The calculation results can be represented graphically as dependences of the forces of interaction between atoms (Fig. 1, a) and the energy of the system (Fig. 1, b) on the distance between the nuclei of hydrogen atoms. The nucleus of one of the hydrogen atoms will be placed at the origin of coordinates, and the nucleus of the second will be brought closer to the nucleus of the first hydrogen atom along the abscissa axis. If the electron spins are antiparallel, the forces of attraction (see Fig. 1, a, curve I) and repulsive forces (curve II) will increase. The resultant of these forces is represented by curve III. At first, attractive forces prevail, then repulsive ones. When the distance between the nuclei becomes equal to r 0 = 0.074 nm, the attractive force is balanced by the repulsive force. The balance of forces corresponds to the minimum energy of the system (see Fig. 1b, curve IV) and, consequently, the most stable state. The depth of the “potential well” represents the binding energy E 0 H–H in the H 2 molecule at absolute zero. It is 458 kJ/mol. However, at real temperatures, bond breaking requires a slightly lower energy E H–H, which at 298 K (25 °C) is 435 kJ/mol. The difference between these energies in the H2 molecule is the energy of vibrations of hydrogen atoms (E col = E 0 H–H – E H–H = 458 – 435 = 23 kJ/mol).

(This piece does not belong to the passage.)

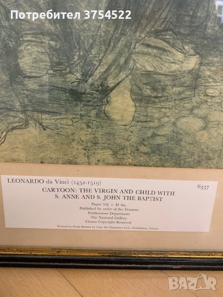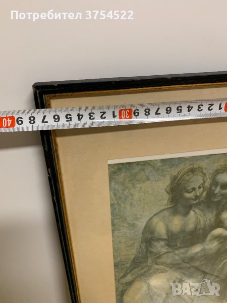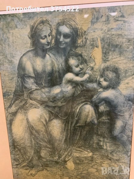 Лицензирана стара литография на картината на Леонардо да Винчи “ Св. Анна с Mадоната и младенеца“, която изобразява Св. Анна, нейната дъщеря Дева Мария и невръстния Исус.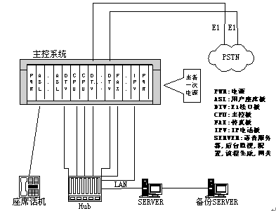 1、 基于數(shù)字程控交換技術(shù),主控系統(tǒng)通過LAN與SERVER交互語(yǔ)音與傳真數(shù)據(jù);

Rice. 1. Dependence of the interaction forces of atoms (a) and the energy of the system (b)
on the distance between the nuclei of atoms in the H 2 molecule
When two hydrogen atoms containing electrons with parallel spins approach each other, the energy of the system constantly increases (see Fig. 1b, curve V) and no bond is formed.
Thus, the quantum mechanical calculation gave a quantitative explanation of the relationship. If a pair of electrons has opposite spins, the electrons move in the field of both nuclei. An area with a high density of an electron cloud appears between the nuclei - an excess negative charge that pulls together positively charged nuclei. From the quantum mechanical calculation, the provisions that are the basis of the VS method follow:
1. The reason for the connection is the electrostatic interaction of nuclei and electrons.
2. The bond is formed by an electron pair with antiparallel spins.
3. Bond saturation is due to the formation of electron pairs.
4. The bond strength is proportional to the degree of electron cloud overlap.
5. The directionality of the connection is due to the overlap of electron clouds in the region of maximum electron density.
Exchange mechanism for the formation of a covalent bond by the VS method. Directionality and saturation of a covalent bond
One of the most important concepts of the VS method is valency. The numerical value of valency in the VS method is determined by the number of covalent bonds that an atom forms with other atoms.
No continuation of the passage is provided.